The worldwide human deaths are legitimately connected with respiratory ailments (26%), incessant obstructive pulmonary infection (25%), Ischaemic heart and stroke (17%) due to the risk of extreme air contamination (WHO 2020). As indicated by the United Nations Environment Program, 1.1 billion world population have been compelled to breathe in poisonous air (UNEP 2002). The major sources of air pollutants (PM2.5, PM10, NO2, SO2, CO) in Kolkata are heavy traffic flows, dust emissions from outdated, unwell maintained vehicles, various industries, power plants, activities of construction work, eateries which degrades the air quality standard in and around the Kolkata city.

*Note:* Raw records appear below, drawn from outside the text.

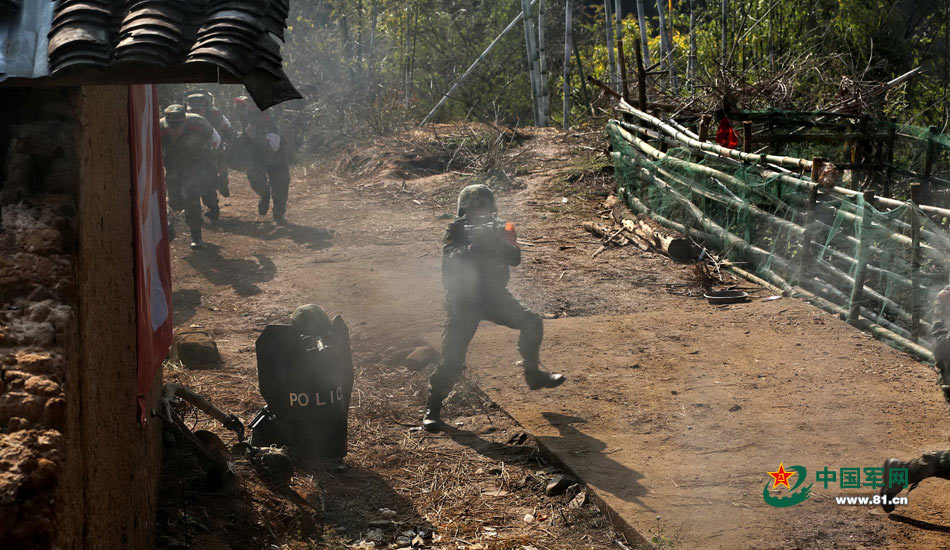 The armed police frontier force conducted an across-regional military exercise in south China’s Guangdong province on Dec. 29, 2014. Over 1,000 soldiers traveled 300 kilometers to encircle and suppress a drug-producing village and rescue hostages. All the training subjects were completed successfully. (www.81.cn/Liao Jian)
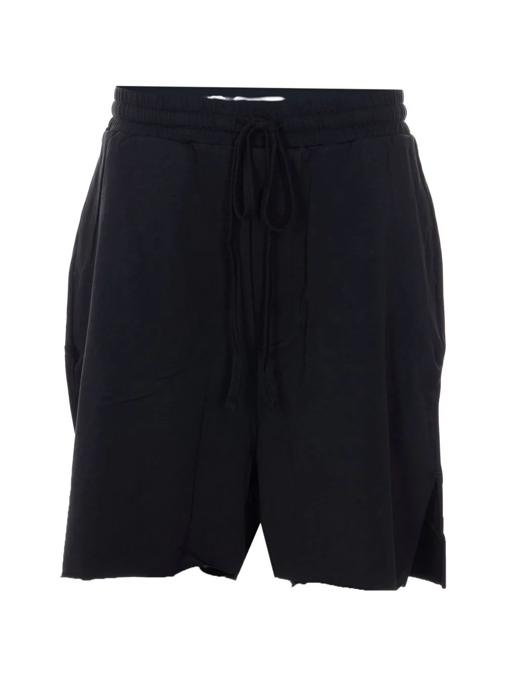 elasticated drawstring shorts Highlights - Black - Elasticated waistband - Drawstring fastening - Lateral pockets - Raw hem Imported Composition Cotton 100% Washing instructions Read Manufacturer Guidelines
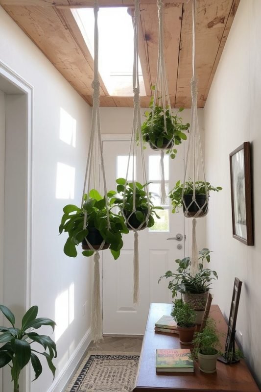 Small entryways need plants that do not take up much room. Look for slim or hanging plants.
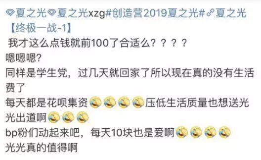 比如前段时间说红不红说糊不糊的《创造营》,热度肯定不比去年那些选秀节目,但追星姐妹们的热情还是一如既往地高涨,该反黑反黑、该打榜打榜,甚至为决赛集资千万,不遗余力也要送喜欢的小哥哥成团出道。
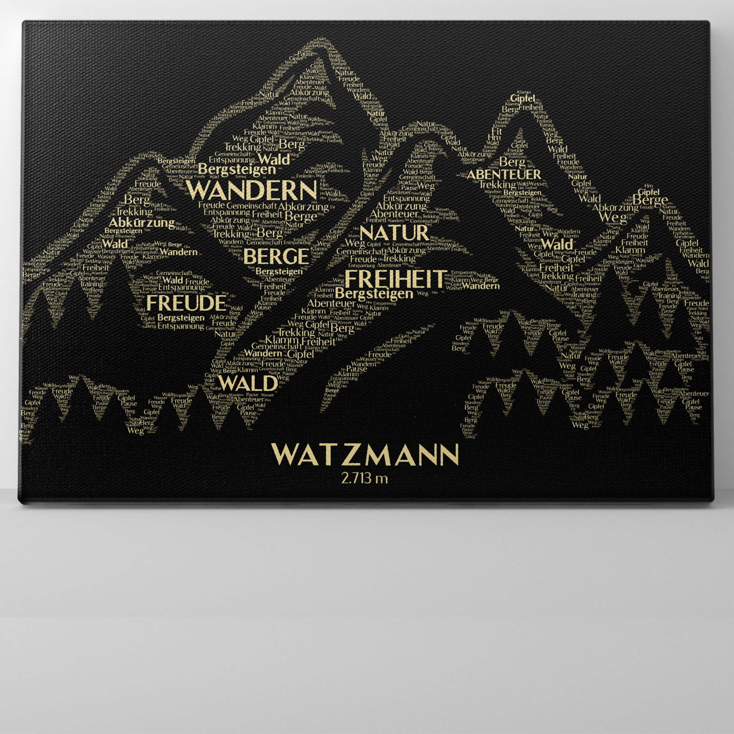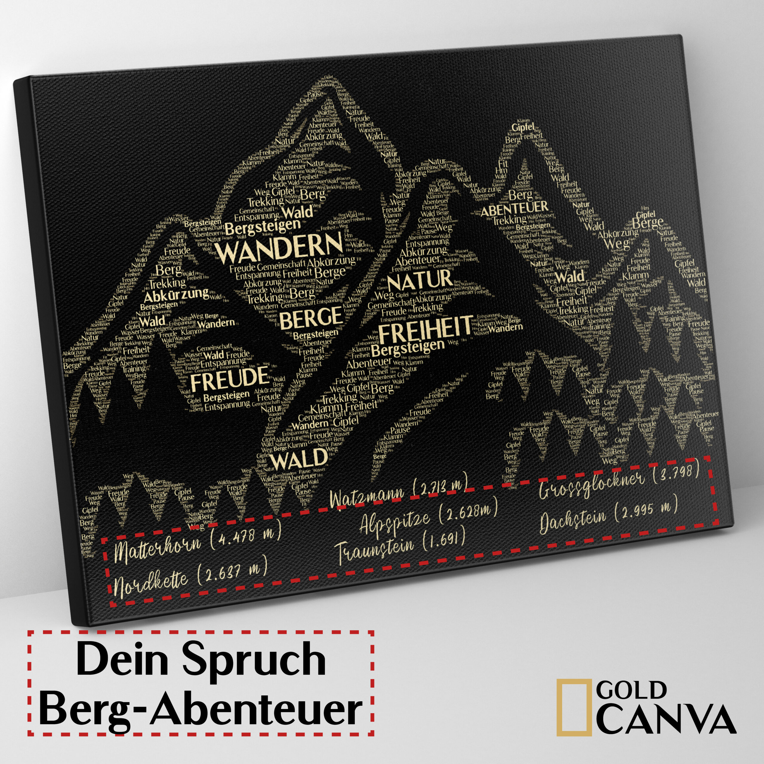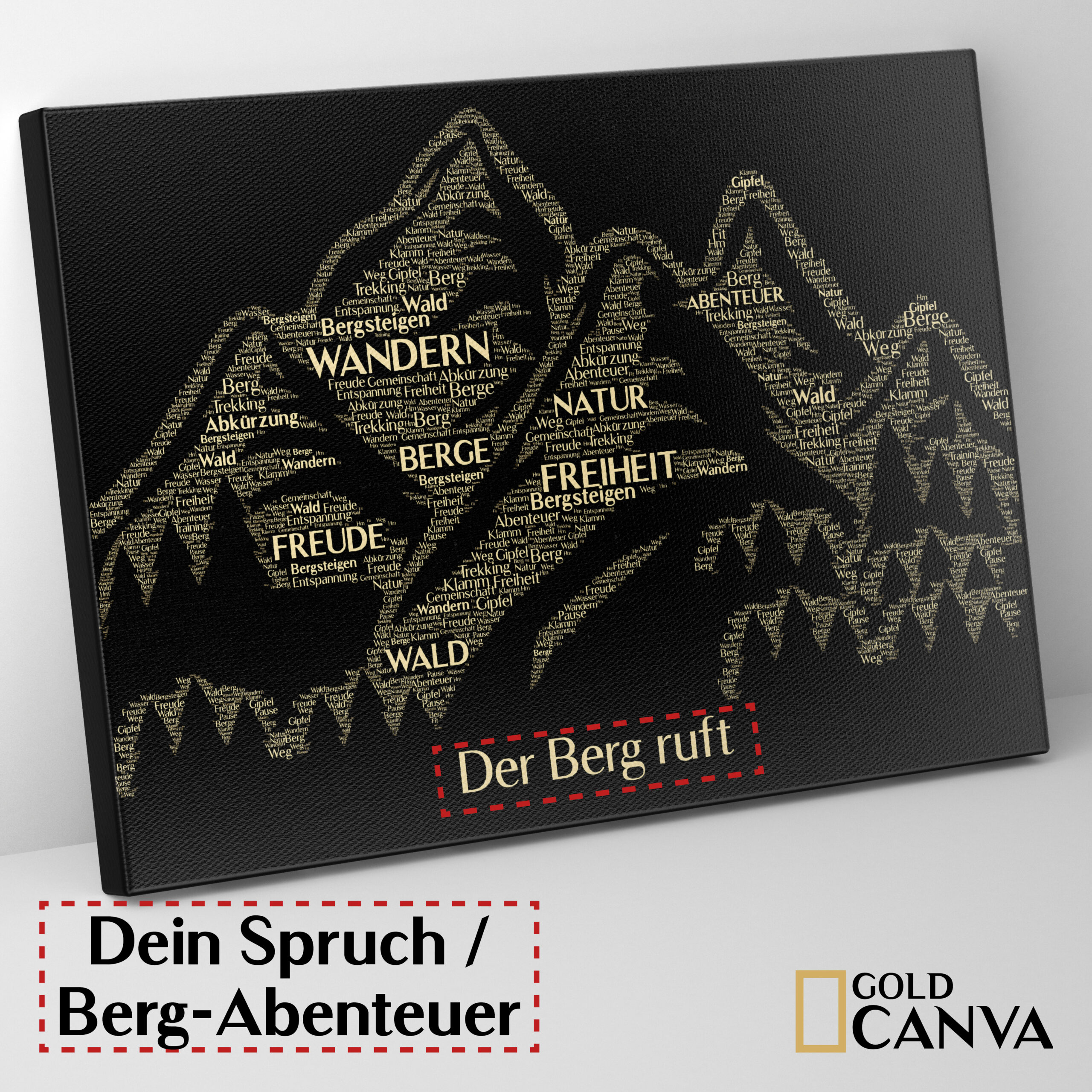 Die goldene Illustration der Berg Silhouette, ist die tägliche Erinnerung an deine Bergmomente. Die personalisierte Leinwand ist ein stilvoller Einrichtungsgegenstand für die heimischen Wände oder das ideale Geschenk für alle Berg- und Naturliebhaber. Die individuelle Gestaltung des Kunstwerkes durch deine persönlichen Bergabenteuer oder deinen Spruch ist einzigartige und bleibt unvergessen. Eine originelle Überraschung für einen Geburtstag, zu Festtagen oder zur angemessenen Feier für Freunde oder Familie.
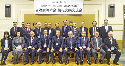 海老名市と姉妹都市(北海道登別市・宮城県白石市)の自治会連絡協議会(自治連)がこのほど、情報交換などの交流会を開き、海老名市内で親睦を図った。
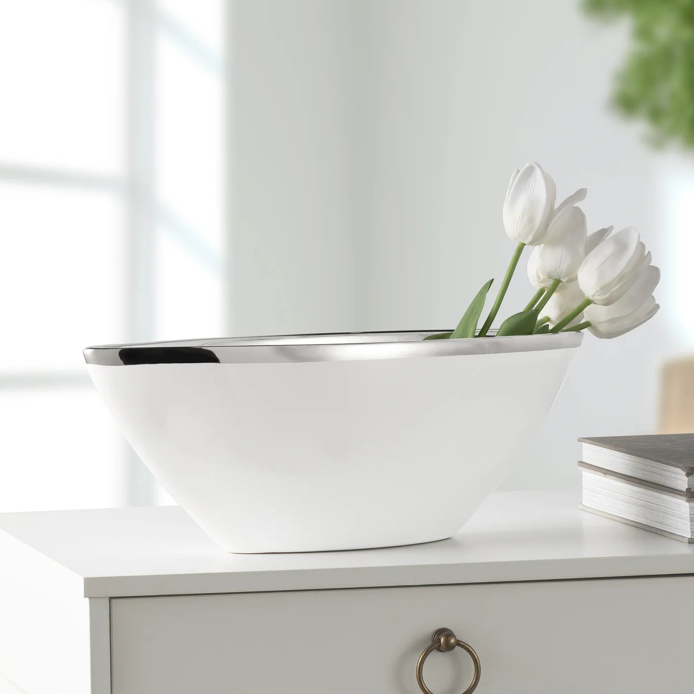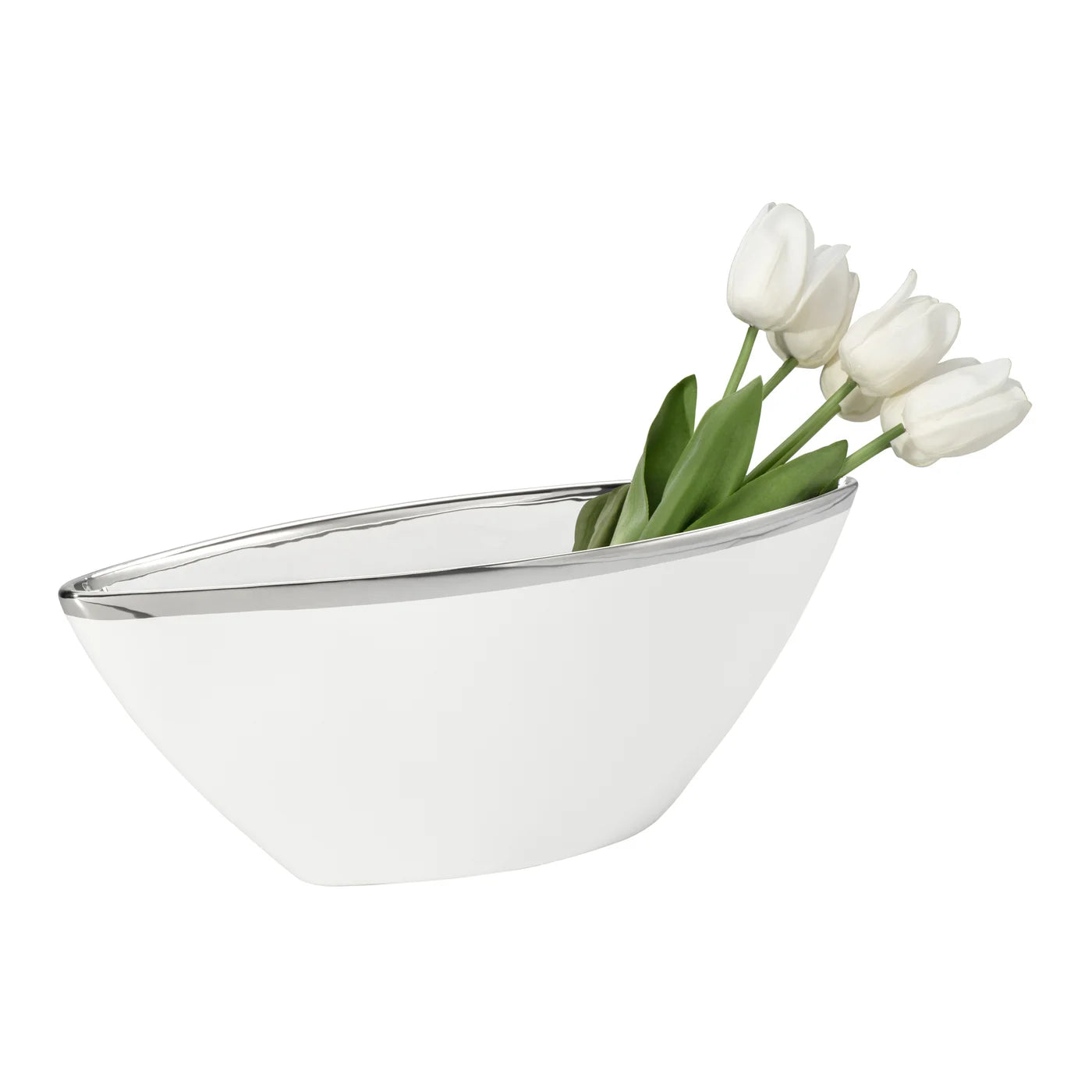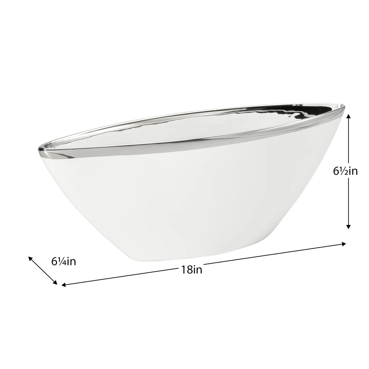 Talia Silver Trim 18"L Ceramic Boat Bowl

Higher PM10 and PM2.5 values have observed during the pre-lockdown period in industrial sites than any other sites, this may be because of resuspension of road dust, vehicular traffic, soil dust, construction activities and local industrial emissions. Moreover, the major source of PM2.5 and PM10 are mostly released from gaseous emission of vehicles, combustion of coal, industrial chimneys and burning of municipal wastes. In general, the principal sources of NO2 are power plants, lighting and transport sectors (Sharma et al. 2020; He et al. 2020). The other sources of NO2 are automobile exhaust and different industrial pollutants in Kolkata (Samanta et al. 1998). At present as the country passing through lockdown situation which imposes strict quarantine rules upon residents, as a result, transportation and industrial activities are paused. Railways, airways, waterways and roadways are stopped which reduces the concentration of CO and NO2 during the lockdown period in Kolkata. The mean concentration of SO2 in the industrial site such as Ballygunge and Rabindra Bharati University was reduced during lockdown period due to the shutdown of industries. The residential sites such as Jadavpur, Bidhannagar and Robindra Sarobar, the mean concentration of PM2.5, PM10, NO2, SO2 and CO reduced drastically due to the closure of heavy traffic and vehicle movements, constructional activities, activities of eateries. The mean concentration of O3 reduced in residential and commercial regions, whereas increased in industrial areas during the lockdown in 2020. It is also noticed that the concentration of O3 increased (31.72%) when compared to the average concentration of 2020 with 2019 of January to May of both the years. The increase of O3 is mainly due to the less consumption of O3 and less emission of NO2 as well (Andrade et al. 2017; Tobias et al. 2020). However, it should be considered that the lockdown situation helps in the improvement of air quality and it can be an alternative measure of improving the air quality.

4 Conclusions

This study assessed the changes taken place during the lockdown (March 24, 2020–May 31, 2020) by comparing the various air pollutants concentration during pre-lockdown (January 1, 2020–March 23, 2020) period. Due to the shutdown of all industries and Vehicle movements during lockdown period improvement in various air pollutants has observed with a significant difference between various regions of industrial, commercial and residential zones in Kolkata. Various air pollutants (PM2.5, PM10, NO2, SO2 and CO) data records from various air quality monitoring stations showed a drastic reduction in air pollutants during the lockdown period. The most significant reduction in NO2 (83.96%) observed in commercial regions (Victoria and Fort William), whereas significant reduction also observed in PM2.5 and PM10 (77.47% and 75.48%) in industrial regions (Ballygunge and Rabindra Bharati University) which is must be due to the shutdown of industries and commercial sectors and reduce vehicle movements. In residential regions (Bidhannagar, Jadavpur and Robindra Sarobar) the highest reduction has observed in NO2 (83.14%) followed by PM2.5 (72.35%), PM10 (69.62) and CO (62.41%) during lockdown period. With a short period of lockdown, the average concentration of all air pollutants reduced by 53.61% which is very significant improvements in air quality in Kolkata. This improvements in all air pollutants may help all the environmental planners in the modification of their existing plan and policies.